McDade showed up next, dressed in a golf shirt and khakis. McGee was running late.

On a table in the den, Christy had put out plates of wraps that she had ordered from the local deli and said, “Everything is all set for you guys.” As the group took their seats on sofas around a coffee table, an awkward silence followed; no one knew exactly how to begin.

Fuld looked at Mack as if to say, It’s your house, you start. Mack imperturbably glared back, You asked for the meeting. It’s your show.

“Well, I’ll kick it off,” Fuld finally said. “I’m not even sure why we’re here, but let’s give it a shot.”

“Maybe there’s nothing to do,” Mack said in frustration as he noticed the discomfort around the room.

“No, no, no,” Fuld hurriedly interjected. “We should talk.”

Fuld began by discussing Neuberger Berman, Lehman’s asset-management business and one of its crown jewels, as an asset that he would be prepared to sell. He also suggested that Morgan might buy Lehman’s headquarters on Seventh Avenue—the same building that had been Morgan Stanley’s until Philip Purcell, the firm’s former CEO, sold it to Lehman after 9/11. The irony would be rich.

“Well,” said Mack, not entirely sure what Fuld was proposing, “there are ways we can, you know, there are ways we can work together.” He wanted to segue the conversation to Lehman’s internal numbers, because even if nothing were going to come of the meeting, it would be helpful to Morgan Stanley to get at least a peek at what was going on inside the firm. The Morgan team began to throw out a barrage of questions: How are things marked? Were you able to sell them inside your marks? How much business has left the firm? McDade ended up doing more of the talking than his boss as he tried to answer them.

McGee, whose driver had gotten lost, finally arrived in the middle of the meeting, and Fuld gave him an anxious glare.

When Fuld’s cell phone started ringing, he excused himself and retreated to the kitchen, leaving the Morgan Stanley side perplexed: Was Lehman working on another deal at the same time?

What they didn’t know was that the caller was Paulson, at his Treasury office, checking on Fuld and updating him on his plans to propose a bill about Fannie and Freddie. Fuld was happy to hear that Paulson was seeking to stabilize the GSEs—he knew such a measure could help him as well.

When Fuld returned to the living room, he unexpectedly broke into the conversation, saying, “You know, with all these rumors going around about Lehman, I would hope that you won’t try to poach any of my people.”

The Morgan Stanley executives were taken aback.

Chammah, a Lebanese-born banker who spent most of his time running Morgan’s operations from London, retorted: “If you recall, you weren’t shy about building your European operation off of our talent.”

The meeting ended with no agreement and what seemed like no incentive to keep talking.

“What the fuck was that all about?” Mack asked after the Lehman executives departed. “Was he offering to merge with us?”

“This is delusional,” Gorman said.

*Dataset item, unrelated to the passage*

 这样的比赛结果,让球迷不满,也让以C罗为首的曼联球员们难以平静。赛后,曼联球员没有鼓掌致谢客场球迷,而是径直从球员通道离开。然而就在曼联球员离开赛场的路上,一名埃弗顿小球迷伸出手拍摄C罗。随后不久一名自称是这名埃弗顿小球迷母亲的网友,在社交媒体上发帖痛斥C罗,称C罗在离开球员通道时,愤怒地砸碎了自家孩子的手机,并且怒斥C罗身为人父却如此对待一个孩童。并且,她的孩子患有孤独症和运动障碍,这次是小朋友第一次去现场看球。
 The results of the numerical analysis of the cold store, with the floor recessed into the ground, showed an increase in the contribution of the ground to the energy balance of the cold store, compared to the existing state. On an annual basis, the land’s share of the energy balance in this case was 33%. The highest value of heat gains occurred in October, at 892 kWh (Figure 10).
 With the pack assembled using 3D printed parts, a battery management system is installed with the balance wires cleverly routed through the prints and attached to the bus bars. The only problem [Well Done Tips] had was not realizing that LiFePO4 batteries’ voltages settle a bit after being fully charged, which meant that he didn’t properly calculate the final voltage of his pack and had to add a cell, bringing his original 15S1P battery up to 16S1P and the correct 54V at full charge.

Taubman had other worries. Maybe they were being used to help Lehman goose its stock price? “We’re playing with fire here,” he warned them. “If I were their guys, I’d want to put my own spin on this.”

Fuld, discouraged but undeterred, drove from Mack ’s house to Lehman’s headquarters in Manhattan, racing down the Henry Hudson Parkway. He had scheduled a call with Tim Geithner for that Saturday afternoon. His outside lawyer, Rodgin Cohen, chairman of Sullivan & Cromwell, had recently suggested a new idea to help stabilize the firm: to voluntarily turn itself into a bank holding company. The move, Cohen had explained to Fuld, “would give Lehman access to the discount window indefinitely, just like Citigroup or JP Morgan have.” That, in turn, could take some of the pressure off investors worried about the firm’s future. It would also mean that Lehman would become regulated by the Federal Reserve of New York, which would have to sign off on the plan.

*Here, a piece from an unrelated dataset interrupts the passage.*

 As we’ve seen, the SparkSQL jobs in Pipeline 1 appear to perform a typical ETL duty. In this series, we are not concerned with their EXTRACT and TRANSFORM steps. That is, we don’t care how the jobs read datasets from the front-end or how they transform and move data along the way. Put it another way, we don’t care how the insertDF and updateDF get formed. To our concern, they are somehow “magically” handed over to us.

Cohen, a sixty-four-year-old mild-mannered mandarin from West Virginia, was one of the most influential and yet least well-known people on Wall Street. While soft-spoken and small in physical stature, he had the ear of virtually all the banking CEOs and regulators in the country, having been involved in nearly every major banking transaction of the last three decades. Geithner often relied on him to understand the Federal Reserve’s own powers.